Авторы, далекие от техницистских настроений, относились к его исканиям более строго. Отметив, что «идея включения в сферу поэзии научного материала должна быть признана плодотворной» и что «поворот внимания к поэтической стороне науки, попытка воссоздания на современной основе синкретического поэтически-научного мышления […] — неоспоримая заслуга Брюсова», Д. Е. Максимов вынес суровый приговор его поздним стихам: «Поэзия в них мелькает от случая к случаю, скрываясь за горами научной номенклатуры и вздыбленным синтаксисом. […] Он намеренно строил свои стихи 1922–1924 годов на принципе стилистической какофонии, ритмических перебоях, синтаксических разрывах, тяжелых скоплениях согласных»{45}.
Действительно, порой получались неудобопроизносимые головоломки:
Художественная неудача отдельных стихотворений «Далей» — книги поисков, но еще не обретений — могла поставить под сомнение искания Брюсова в целом.
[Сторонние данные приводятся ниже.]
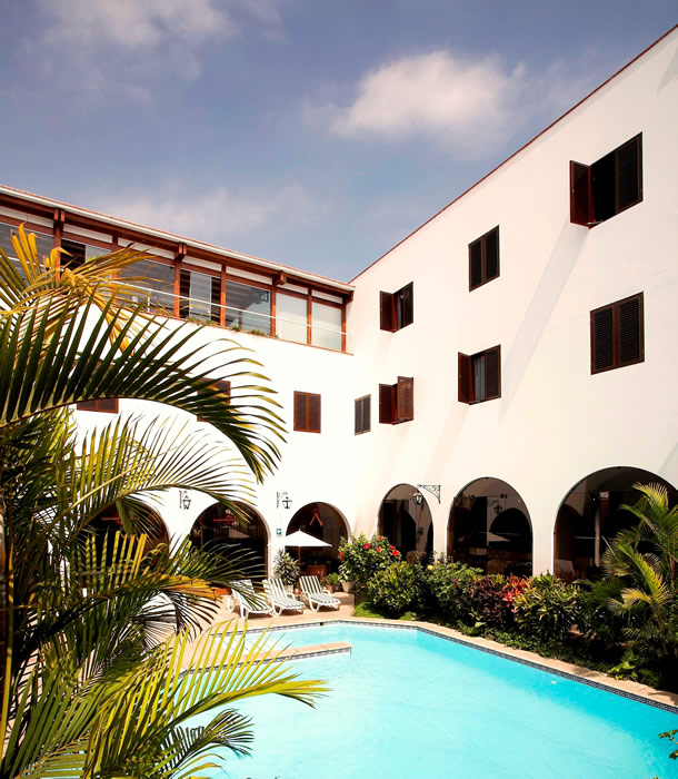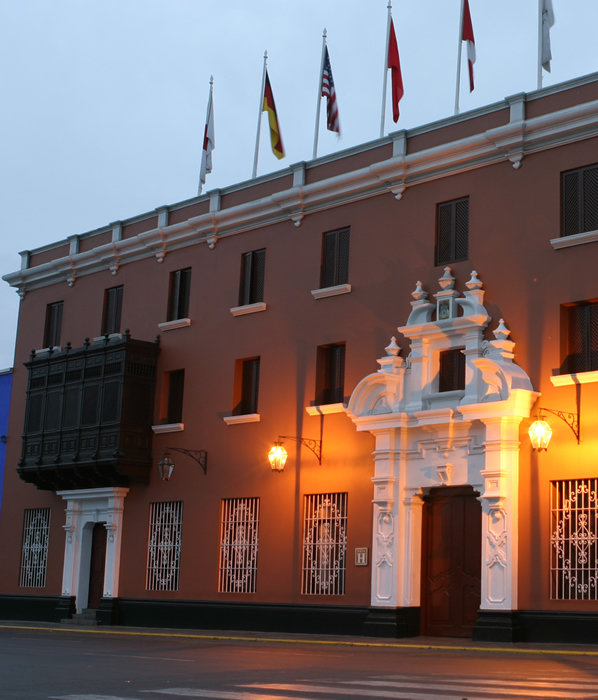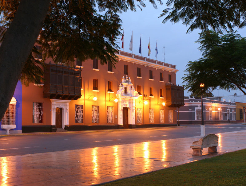 This fully renovated, charming Spanish colonial mansion is strategically located on the Plaza de Armas, the main square in Trujillo, and overlooks the cathedral and other beautiful examples of colonial architecture. However, guests should be aware that with its location comes the noise and crowds associated with a city center. Situated only ten minutes from Chan Chan, the pre-Incan adobe city, and the Temples of the Sun and the Moon on the Moche Route, the Costa del Sol hotel is in a great location for guests interested in visiting these archeological sites.
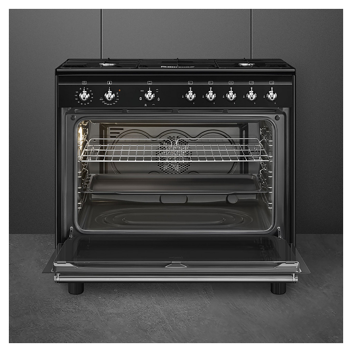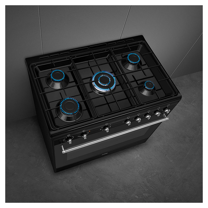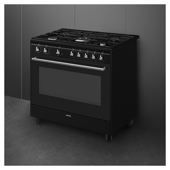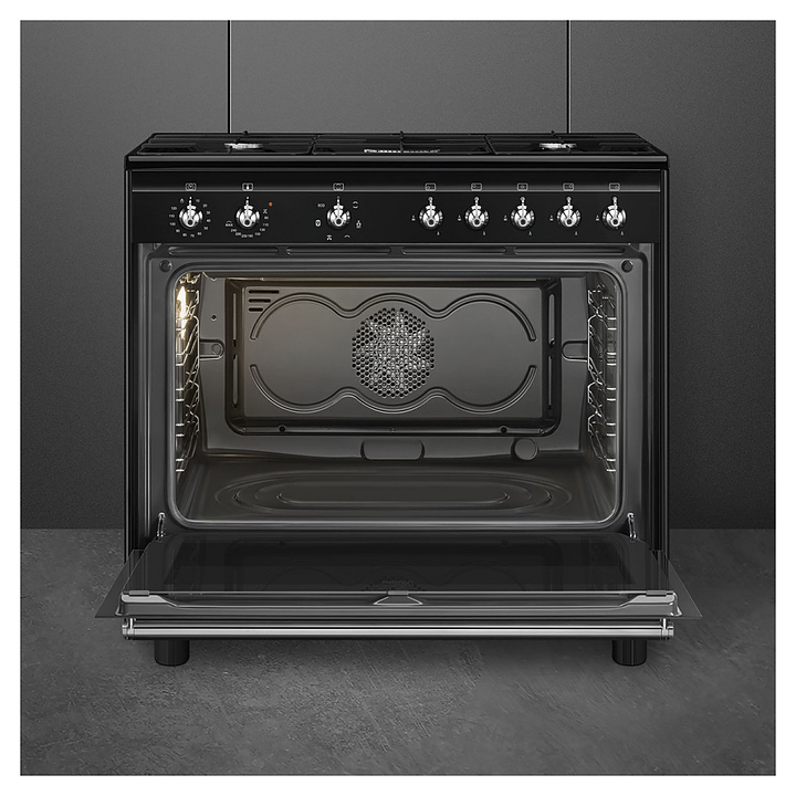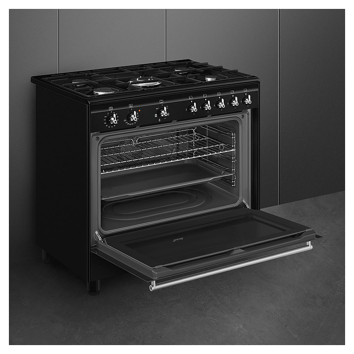 Комбинированный варочный центр SMEG CX91GMBL серии Concerto предназначен для приготовления большого ассортимента блюд в гостиничном и ресторанном бизнесе, на предприятих пищевой промышленности, общественного питания и в домашних условиях. Модель оснащена газовой варочной поверхностью, задним бортом, многофункциональным электрическим духовым шкафом с 2 съемными стойками с 5 уровнями направляющих для противней, откидной дверью со смотровым окном, длинной трубчатой горизонтальной рукояткой и панелью управления с 8 поворотными переключателями. Корпус, варочная поверхность и опоры выполнены из высококачественной стали с глянцевым антикоррозийным покрытием эмалью черного цвета, дверь с полным фронтальным остеклением без винтового крепежа тонированным стеклом, газовые решетки и крышки конфорок – из металла с матовым эмалированным покрытием черного цвета, фурнитура – из нержавеющей стали с сатинированной серебристой поверхностью.

Однако «Меа» реабилитирует их, хотя и здесь не обошлось без невыговариваемых строк. «Всего в сборнике 7 разделов, различающихся постепенным расширением поля зрения: душа („Наедине с собой“); пространство — окрестность („В деревне“), земной шар („Мысленно“); время — советская современность („В наши дни“), мировая история („Из книг“); пространство и время как общие категории бытия („В мировом масштабе“); и „Бреды“. Логика этих семи разделов затемнена их перетасовкой, отчасти в заботах о контрастной резкости, отчасти в ответ на идеологические требования (советскую современность в начало, душу — в конец)»{46}. В книге немало творческих удач, в том числе из области «научной поэзии». «Восхождение вечно, воля неугасима, дух несокрушим, — признал даже Мочульский. — […] На этой высокой ноте голос его обрывается»{47}. Но о том, что «глаза в полстолетие партдисциплине не обучены», можно было написать лишь в «Бредах».